Tesla’s bold claims about its autonomous driving capabilities and the competitive positioning of its Robotaxi service are at the heart of the current complaint.
Tesla’s Misleading Claims
According to the lawsuit, Tesla and three of its current and/or former senior officers (the Defendants) repeatedly made false and misleading public statements throughout the Class Period. In particular, they are accused of omitting truthful information about the efficacy of Tesla’s autonomous driving technology, and the potential for dangerous or illegal operation of its autonomous driving vehicles (such as the Robotaxi), from SEC filings and related material.
For instance, during the Class Period, Tesla’s CEO kept reiterating the company’s autonomous driving capabilities and promises for the launch of its Robotaxi business. In an earnings call, Musk stated that “With Autopilot and FSD, we’ve now surpassed 150 million miles driven using the FSD beta, and that number is growing rapidly.” He added that the data gives Tesla a unique advantage that no one else has, and anyone familiar with AI would know how critical data is for training and achieving strong results.
Additionally, in an earnings call held on July 23, 2024, Musk noted that the company has made strong progress on FSD in Q2, and with version 12.5 rolling out, customers should see a major improvement in supervised driving performance.

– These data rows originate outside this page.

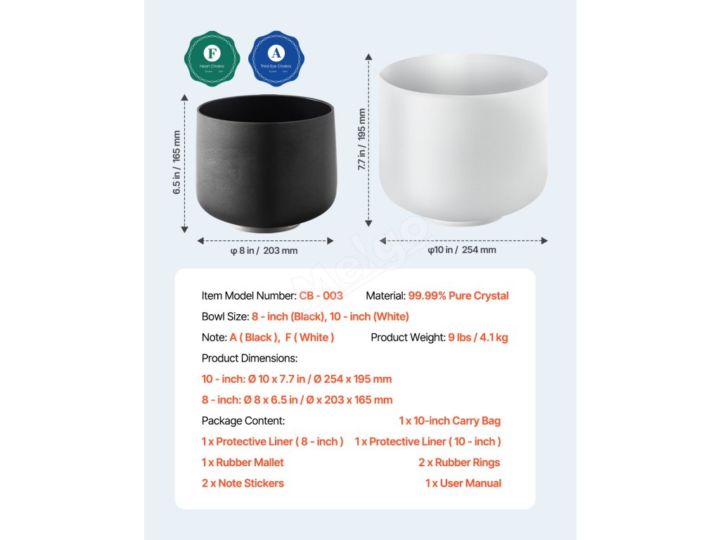 8-palcové a 10-palcové krištáľové spievajúce misy VEVOR rezonujú tónmi A a F, čím vyrovnávajú tretie oko a srdcovú čakru, upokojujú vašu myseľ a podporujú vnútorný pokoj. Sú vyrobené z 99,99 % čistého krištáľu, vďaka čírym tónom a dlhotrvajúcej rezonancii sú ideálne na jogu, meditáciu a relaxáciu.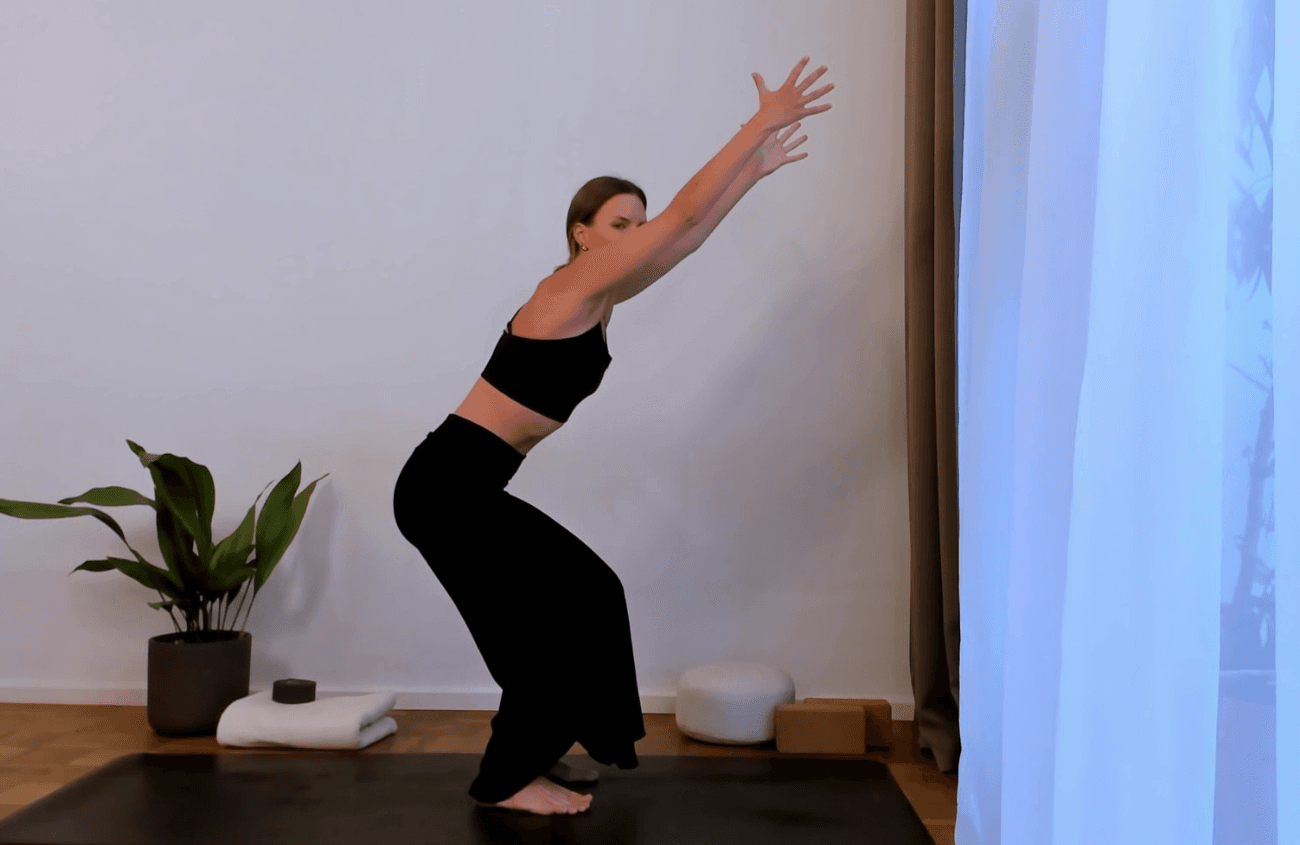 Za manjšo intenzivnost položaja lahko ohraniš dlani v pasu ali pa jih skeleš na prsnem košu v anjali mudro. Položaj lahko izvajaš tudi s podporo stola, tako da se tvoja zadnjica čisto rahlo dotakne stola.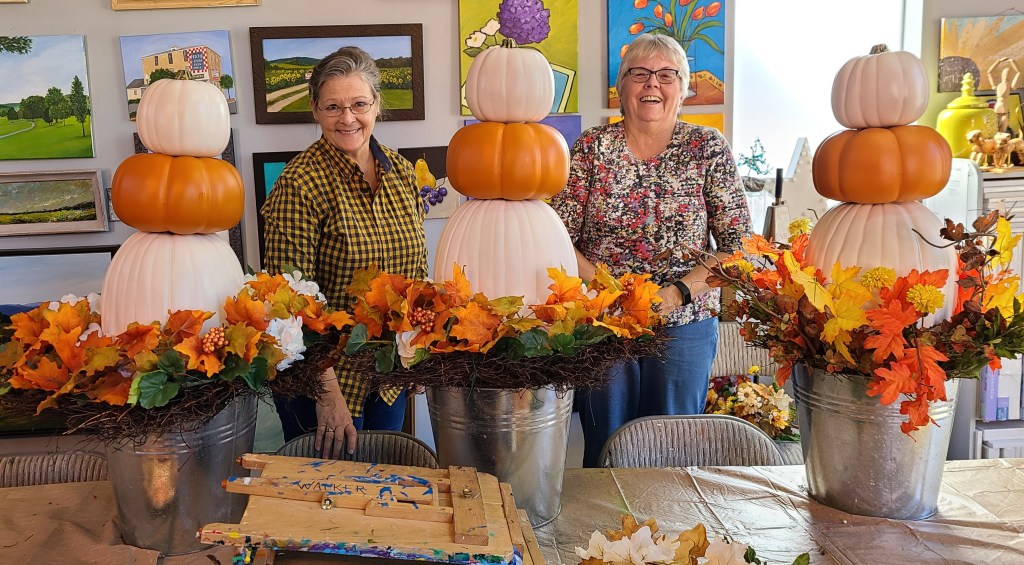 Left to our own devices on a Sunday afternoon with no class scheduled Wilma and I got into all this trouble with pumpkins. Linda did too but hers isn’t quite done so we’ll share it later. It’s Fall Y’all!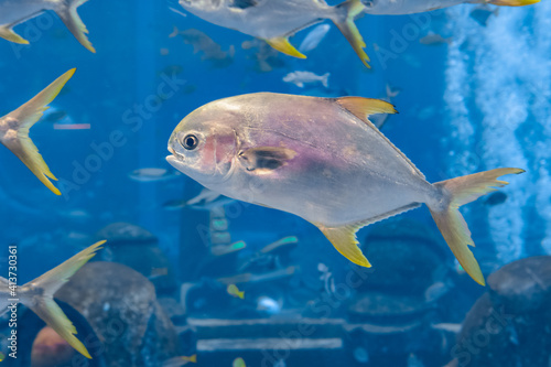 Naklejka premium Trachinotus blochii or snubnose pompano in Atlantis, Sanya, Hainan, China.....

Finally, in another earnings call dated January 29, 2025, the CEO noted that Tesla planned to launch unsupervised Full Self-Driving as a paid service in Austin in June. The Tesla team was confident about starting the initial rollout with no driver in the car.
However, subsequent events (detailed below) have revealed that the defendants overstated the effectiveness of Tesla’s autonomous driving technology.
Plaintiffs’ Arguments
The plaintiffs maintain that the defendants deceived investors by lying and withholding critical information about the company’s business practices and prospects during the Class Period. Importantly, the defendants failed to inform investors about a substantial risk that the company’s autonomous vehicles, including the Robotaxi, could operate unsafely or fail to comply with traffic laws.
The information became clear on June 23, 2025, when Bloomberg reported on a Tesla event held in Houston the day before. The report noted that Tesla’s self-driving taxis appeared to break traffic laws on their first day of paid rides, including one incident of a faulty left turn and others where cars went over the speed limit.
Furthermore, Bloomberg reported that the U.S. National Highway Traffic Safety Administration (NHTSA) contacted Tesla about the incidents, stating it was aware of the videos shared on social media and was seeking more information from the company. Following the news, TSLA stock kept declining for a couple of trading sessions, losing over 13% between June 23 and July 1.
To conclude, the defendants failed to inform investors about the potential risks associated with Tesla’s Robotaxi business and the likelihood that the company would face heightened regulatory scrutiny. Despite these issues, TSLA stock has gained 5.5% so far this year.